Getting file size of binary file

A

Arnold

Is using fseek and ftell a reliable method of getting the file size on a
binary file? I thought I remember reading somewhere it wasn't... If not what
would be the "right" and portable method to obtain it? Thanks.
 
R

Richard Bos

Arnold said:
Is using fseek and ftell a reliable method of getting the file size on a
binary file?

No. From 7.19.9.2#3: "A binary stream need not meaningfully support
fseek calls with a whence value of SEEK_END".

To say that this irks me would be a bit of an understatement.
I thought I remember reading somewhere it wasn't... If not what
would be the "right" and portable method to obtain it?

There is none, in ISO C.

To say that _this_ irks me would be a bit of an understatement, as well.
It should at least be possible to get the value of "what the OS thinks
the file size is", but apparently there are reasons why it isn't; I've
never heard one that is convincing, though.

Richard
 
R

Richard Head

Is using fseek and ftell a reliable method of getting the file size on a
binary file? I thought I remember reading somewhere it wasn't... If not what
would be the "right" and portable method to obtain it? Thanks.

try fstat()
 
C

CBFalconer

Richard said:
to obtain it? Thanks.

try fstat()

No, don't. There is no fstat() in standard C. Please do not give
off-topic answers in this newsgroup, where there may be nobody to
make corrections.
 
K

Kevin Goodsell

Richard said:
No. From 7.19.9.2#3: "A binary stream need not meaningfully support
fseek calls with a whence value of SEEK_END".
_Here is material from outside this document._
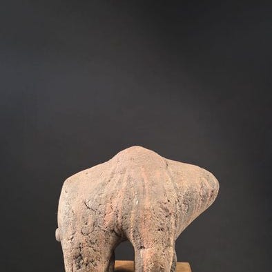 Den rustikke patina giver et jordbundet udseende, sandsynligvis på grund af offringe af olie og majsmel. Det første kranium på forsiden er sandsynligvis fra en hund, hvilket giver fetichen hundens hurtighed. Det andet, i ryggen, er fra en ged, det tredje, på siden, er et kranium fra en vild and.
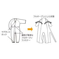 ●胸元から足首までのオープンファスナーで、寝たきりの方の着脱も無理なく行えます。

From the FAQ for this group:

http://www.eskimo.com/~scs/C-faq/q19.12.html

---
How can I find out the size of a file, prior to reading it in?

If the ``size of a file'' is the number of characters you'll be able to
read from it in C, it is difficult or impossible to determine this
number exactly).

Under Unix, the stat call will give you an exact answer. Several other
systems supply a Unix-like stat which will give an approximate answer.
You can fseek to the end and then use ftell, but these tend to have the
same problems: fstat is not portable, and generally tells you the same
thing stat tells you; ftell is not guaranteed to return a byte count
except for binary files. Some systems provide routines called filesize
or filelength, but these are not portable, either.

Are you sure you have to determine the file's size in advance? Since the
most accurate way of determining the size of a file as a C program will
see it is to open the file and read it, perhaps you can rearrange the
code to learn the size as it reads.
---

Does this look strange to anyone else? There's that lone closing paren
in the first paragraph, but the part that really bothers me is "ftell is
not guaranteed to return a byte count except for binary files." It seems
to be suggesting that the fseek/ftell method would be OK for a binary
file, but line from the standard that Richard quoted suggests the opposite.
To say that this irks me would be a bit of an understatement.




There is none, in ISO C.

To say that _this_ irks me would be a bit of an understatement, as well.
It should at least be possible to get the value of "what the OS thinks
the file size is", but apparently there are reasons why it isn't; I've
never heard one that is convincing, though.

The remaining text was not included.